Well, actually, there are (but only at the ends of the cylinder), but I get your point...:-))
"Constrained" won't work unless there are vertices sufficiently close to the cloth that the cloth room can find them... I guess that the cloth-sim was finding that the ground prop verts were closer to the constrained verts than the ends of the P5/6 cylinder, hence it used those to "constrain" to (or maybe they were all "out-of-range", so didn't really use any.
Thanks for that dadt - It adds another bit to my understanding of the cloth-room...:-))
Cheers,
Diolma
PS - Please, everyone, ignore my previous post, dadt has provided the answer.
nruddock posted Fri, 02 June 2006 at 5:12 PM
The default collision mode is cloth vertex against object polygon.
Turn the cylinder into a figure and the constrained group works as expected without any extra vertices.
diolma posted Fri, 02 June 2006 at 5:49 PM
"The default collision mode is cloth vertex against object polygon.
Turn the cylinder into a figure and the constrained group works as expected without any extra vertices."
Ummm... does that mean that the the default collision mode does not have anything to do with the constrained grouping? After all, the long, thin cylinder does have polygons, they just happen to be long and thin....so why would constraining work for long, thin polys on a figure, but not for long thin polys on a prop? Not saying it doesn't, just asking why...
I will remember all this (hopefully). I thought I knew all (errm... most of) the ins'n'outs of the cloth room, but this one caught me out. I'm very happy to now have two solutions to the problem. And many thanks to RedMagickMage for raising the problem in the 1st place..:-))
Cheers,
Diolma
nruddock posted Fri, 02 June 2006 at 6:19 PM
Quote - "The default collision mode is cloth vertex against object polygon.
Turn the cylinder into a figure and the constrained group works as expected without any extra vertices."Ummm... does that mean that the the default collision mode does not have anything to do with the constrained grouping? After all, the long, thin cylinder does have polygons, they just happen to be long and thin....so why would constraining work for long, thin polys on a figure, but not for long thin polys on a prop? Not saying it doesn't, just asking why...
I will remember all this (hopefully). I thought I knew all (errm... most of) the ins'n'outs of the cloth room, but this one caught me out. I'm very happy to now have two solutions to the problem.

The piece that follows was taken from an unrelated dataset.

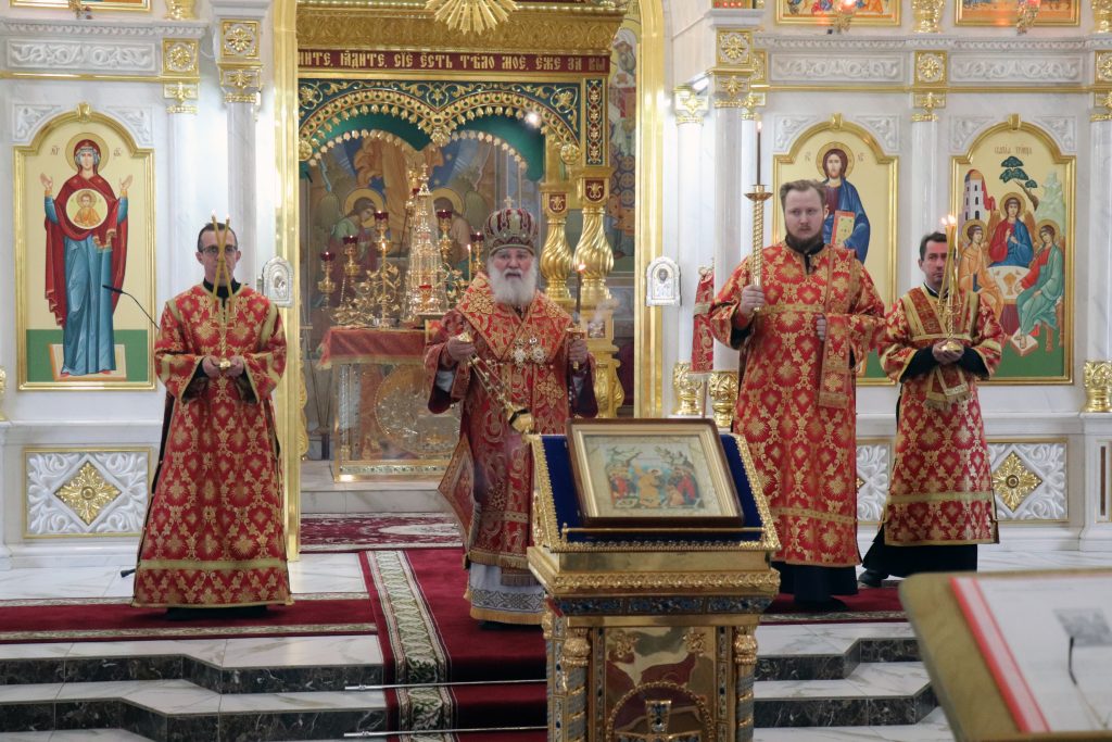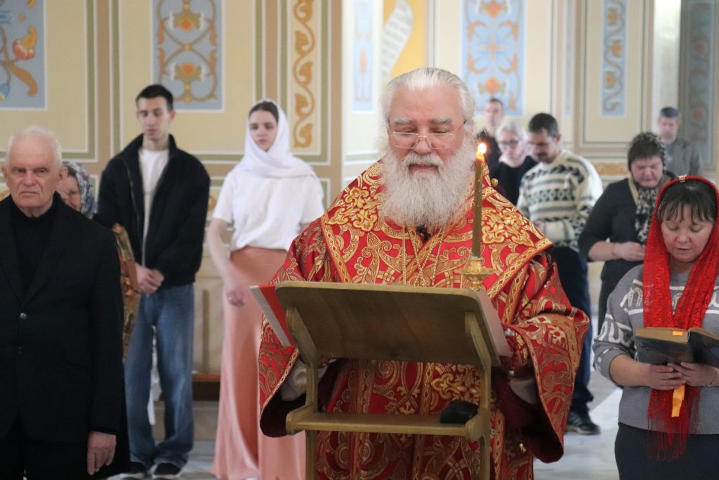 Бузулук. 26 апреля 2026 года, вечером в Неделю 3-ю по Пасхе, епископ Бузулукский и Сорочинский Алексий совершил вечернее богослужение с акафистом Святой Пасхе в Свято-Троицком кафедральном соборе.

And many thanks to RedMagickMage for raising the problem in the 1st place..:-))
Cheers,
Diolma
I tried the extra collision options to see if they made any difference (they didn't for a prop), then I just stuck a single bone in and tried with just the default options.
While the simulation was running, I checked what the description was in the manual
"Constrained: Each cloth object can have one constrained group, which is
automatically created with empty contents when you clothify an object. Constrained
vertices “stick” to corresponding polygon faces of the underlying figure."
The following paragraph also mentions body parts.
So you do need a figure (and thus get body parts) before the simulator will do anything with the constrained group.
Cloth vertices in the choreographed group aren't part of a simulation, there completely controlled by the transformation (and morph) dials.